We created an algorithm for all the SNVs that cannot be reverted by direct A-to-G or T-to-C editing. The algorithm calculates the best option for substituting a mutant (deleterious) codon with a novel codon (not the reference one), by leveraging A-to-G and/or T-to-C editing. Each possible new AA is scored using a validated substitution prediction tool and compared to the deleterious AA score. In case of improvement, this editing option is considered. The algorithm prefers the best score with minimum exchanges when multiple editing improvement options are possible.

For this analysis, we excluded all the irrelevant variants (i.e., synonymous, initiator-codon variants, stop-lost, and G>A and T>C SNVs).

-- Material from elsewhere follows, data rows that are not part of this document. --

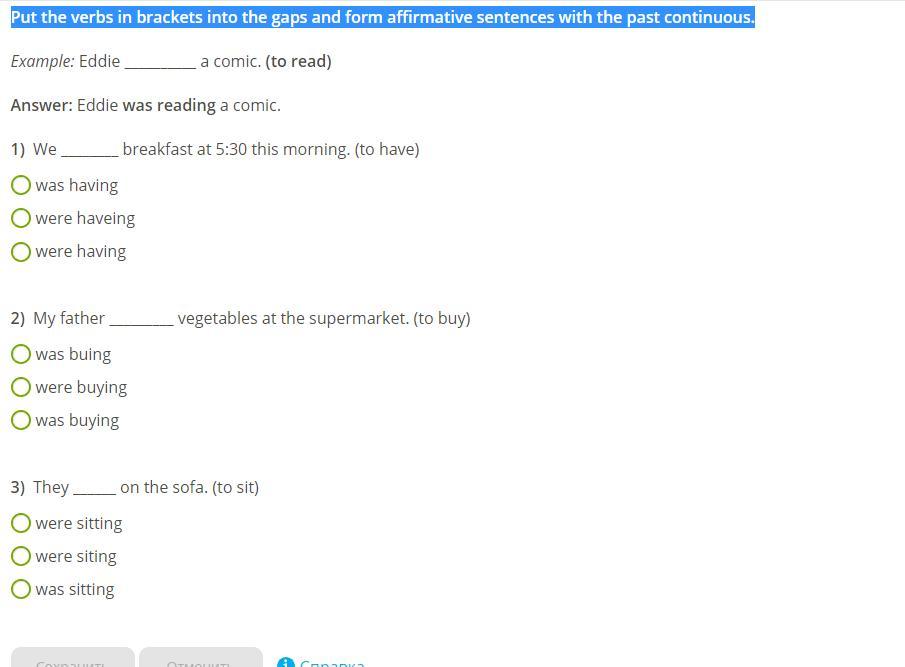 Put the verbs in brackets into the gaps and form affirmative sentences with the past continuous.
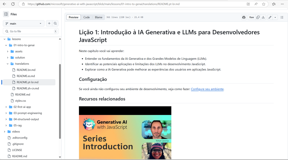 During the video, I gave a full tour of the repository, highlighting that the course was originally in English (now it’s available in Portuguese too!!).
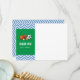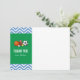 Tarjeta de agradecimiento de fiesta de cumpleaños con tema de deporte de todos los estrellas con chevron azul y blanco y pancarta verde
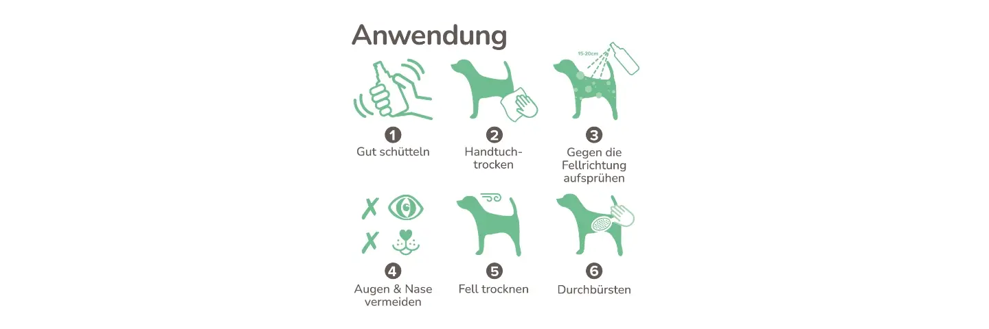 Die geruchsbildenden Stoffe werden gebunden oder zersetzt, sodass der Geruch gar nicht erst zurückkehrt. Das ist nicht nur effektiver, sondern auch schonender für Haut und Fell.
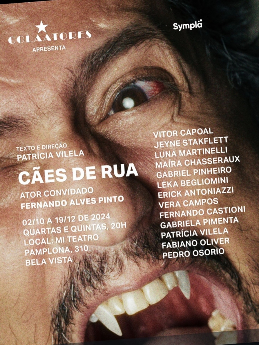 Cães de Rua, de Patrícia Vilela, é extremamente atual. Com produção da Cia Colaatores, com participação especial em off de Marcelo Tas, a peça traduz o caos dos nossos dias e a fragilidade num mundo em ebulição, individualista e mesquinho.
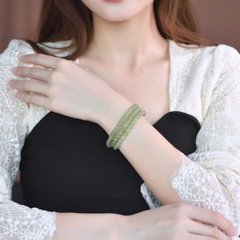 日本品质天然和田玉手串女高冰晴水和田玉多圈三圈玉石珠子散珠串
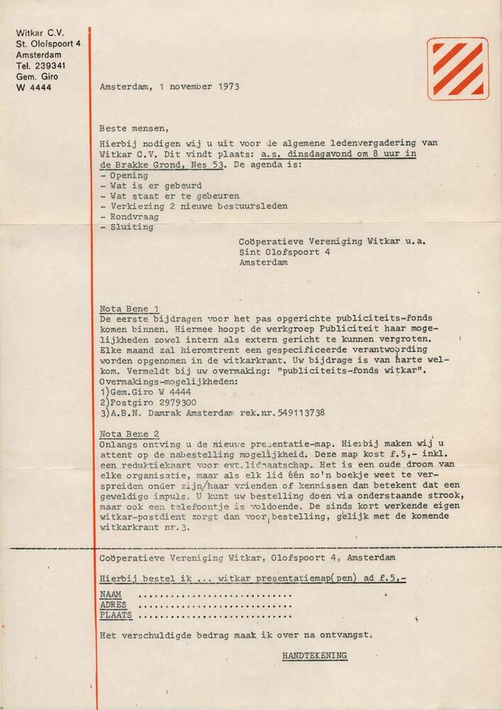 - Documentatie over Witkar (uitnodiging algemene ledenvergadering), 1973 - 1978
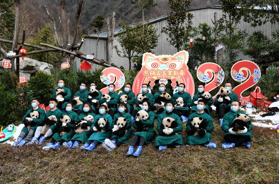 Membros da equipe seguram filhotes de panda gigante em evento de apresentação em grupo na base de Shenshuping do Centro de Conservação e Pesquisa de Pandas Gigantes da China em Wolong, província de Sichuan, sudoeste da China, no dia 24 de janeiro de 2022. (Xinhua/Wang Xi)
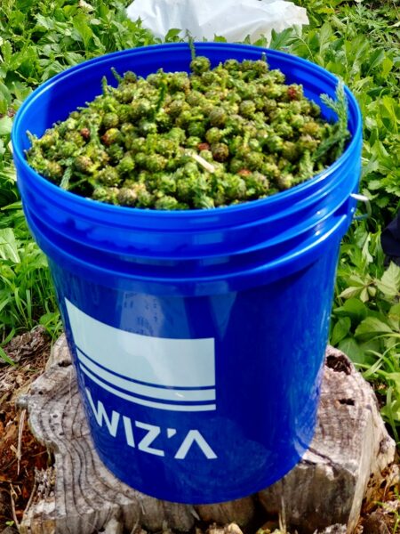 昨年度は約12リットル、今年度は約80リットルの球果を採取できました![]()
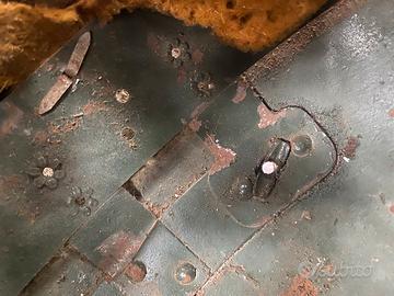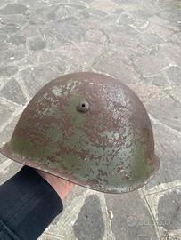 Elmetto M33 con rivetti primo tipo, marcsto B47, cuffia con cuciture parallele e rivettini in alluminio. Vissuto come di rvince da foto. Il soggolo, in un lato, riporta una cucitura al posto dei fue rivetti, penso aggiustatura dell’epoca. Mi raccomando se desiderate sltre foto piu esaustive chiedete.
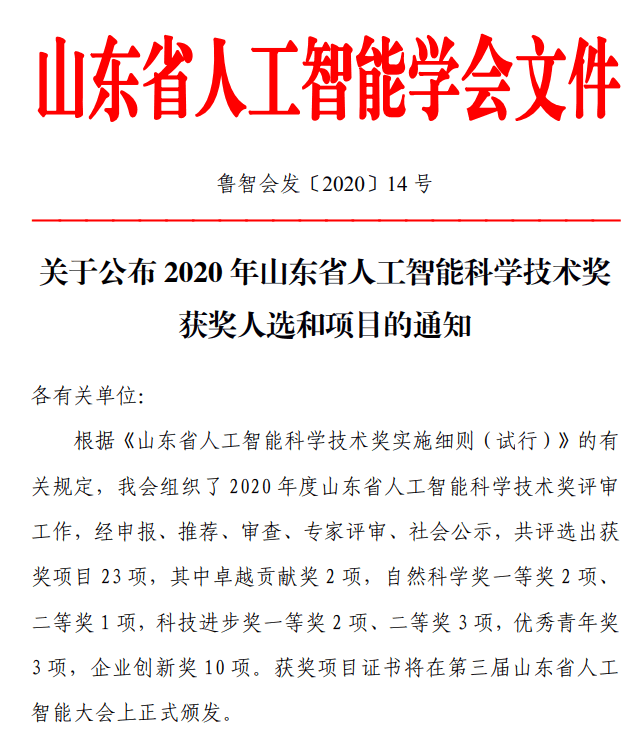 根據(jù)《山東省人工智能科學(xué)技術(shù)獎實施細則(試行)》的有關(guān)規(guī)定,我會組織了2020年度山東省人工智能科學(xué)技術(shù)獎評審工作,經(jīng)申報、推薦、審查、專家評審、社會公示,共評選出獲獎項目23項,其中出色貢獻獎2項,自然科學(xué)獎一等獎2項、二等獎1項,科技進步獎一等獎2項、二等獎3項,優(yōu)秀青年獎3項,企業(yè)創(chuàng)新獎10項。獲獎項目證書將在第三屆山東省人工智能大會上正式頒發(fā)。
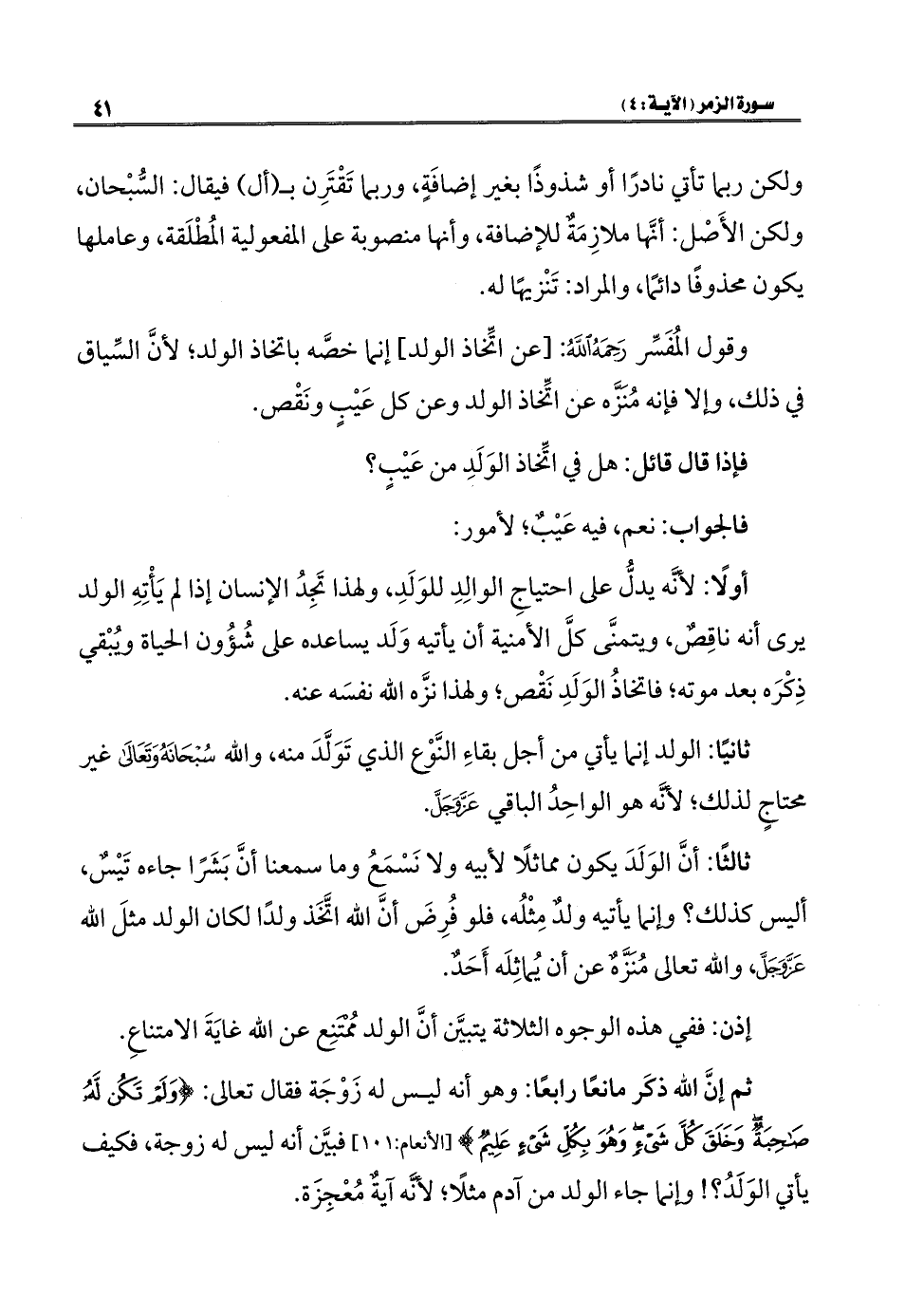 وقول المُفَسِّر رَحِمَهُ اللهُ: [عن اتِّخاذ الولد] إنما خصَّه باتخاذ الولد؛ لأنَّ السِّياق في ذلك، وإلا فإنه مُنَزَّه عن اتِّخاذ الولد وعن كل عَيْبٍ ونَقْص.
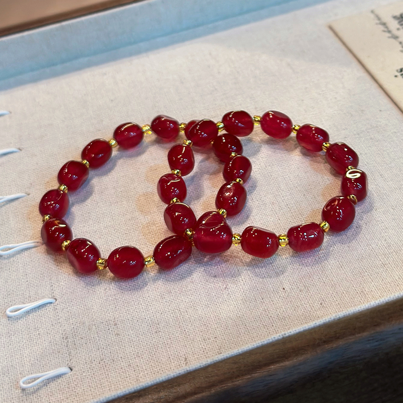 蜜蜂妈手作 不规则天然红色玛瑙手串女小众轻奢高级感转运手链
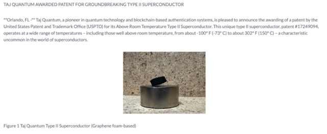 美国泰吉量子公司的首席执行官Paul Lilly 表示:“很高兴地宣布,我们终于获得了我们的室温 II 型超导体专利。 ”

For a descriptive purpose, we first applied the BLOSUM62 substitution matrix29, which scores all AA substitution-possibilities on a scale of −4 to 11. We added to the results all the possible options to substitute a stop-codon with a novel AA, as stop-codons are not included in BLOSUM62. Then, for a more clinically relevant purpose, we applied the Sorting Intolerant from Tolerant (SIFT)30 prediction tool, known to evaluate the substitution effect on each protein by sequence homology and physical properties. The SIFT score ranges from 0.0 (deleterious) to 1.0 (tolerated), with a score between 0.0 and 0.05 considered very deleterious. Thus, for our clinical analysis, only a SIFT score above 0.05 was considered. In the same manner, as in BLOSUM62, we included by default any stop-codon substitution with a novel AA.

Gene expression by GTEx

The Genotype-Tissue Expression (GTEx) project was supported by the Common Fund of the Office of the Director of the National Institutes of Health, and by NCI, NHGRI, NHLBI, NIDA, NIMH, and NINDS. The data used for the analyses described in this manuscript were obtained from the GTEx Portal on 31-Jan-2023. We used this database to extract all the genes that are highly expressed (above 10 transcripts per million) in the liver but lowly expressed in all other tissues (average expression below 10 transcripts per million). The same was done for the brain. The list of genes and expression levels is available in the supplementary section.

Reporting summary

Further information on research design is available in the Nature Research Reporting Summary linked to this article.